A simpler solution would be welcome if anybody has got this figured ouit... I can ask the teacher in a couple of days if this was incorrect or correct...

 

[haruspex]

A simpler solution would be welcome if anybody has got this figured ouit... I can ask the teacher in a couple of days if this was incorrect or correct...

It all looks right to me.
It is not hard to solve eq1 and eq2 manually. Rearrange each into the form R₃²=. You then have a pair of linear simultaneous equations in the unknowns x² and y².

 

[late347]

It all looks right to me.
It is not hard to solve eq1 and eq2 manually. Rearrange each into the form R₃²=. You then have a pair of linear simultaneous equations in the unknowns x² and y².

please elaborate if you have the time

my brain is about to freeze at this point with this exercise.
I suppose with some more effort I could solve the system of Equations manually, but... I think even my textbook used an equations solver in some of the worked examples.

I was reading my textbook and the most sensible thing at first seemed to be to work with the force vector coefficients

that is to say form the system of Eqs by using the force vector i, j and k coefficients
we can certainly set up

( sum of the three i-coefficients) = 0
and
(sum of the three j-coefficients) = 0
because those equations were directly justifiable from the point of view of the vector sum of the forces upon the mast. The vector sum should only have k-component and others should be zero.

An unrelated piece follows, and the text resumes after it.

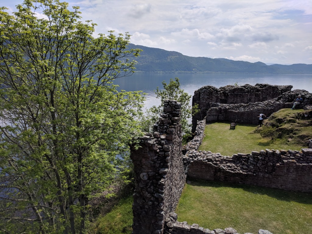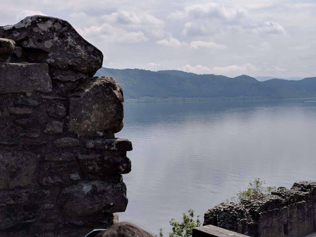 We went monster hunting today. We traveled north from Edinburgh into the Scottish Highlands. The flat lands and small rolling hills with the perfect climate for farming crops have transformed into the higher rolling hills with so much moisture that regular crops cannot be grown. Farmlands change into ranch lands dotted with hundreds of sheep. There were 5.3 million people in Scotland in 2016. There were 6.8 million sheep. There are also beautiful long haired, long horned cattle. These butterscotched colored animals are friendly but clumsy. It’s a good idea not to get too close, or they may begin swinging their head…more dangerous than a dog wagging its tail across the coffee table.

in my notation force vectors were small case r letters. Capital R was for cables themselves.

 

[haruspex]

please elaborate if you have the time

Your eqs 1 and 2 are of the form:
x=A√[x²+y²+900)] and y=B√[x²+y²+900)].
Writing X=x² and Y=y², we have
X=A²[X+Y+900], Y=B²[X+Y+900].
That is just a pair of linear simultaneous equations, easily solved.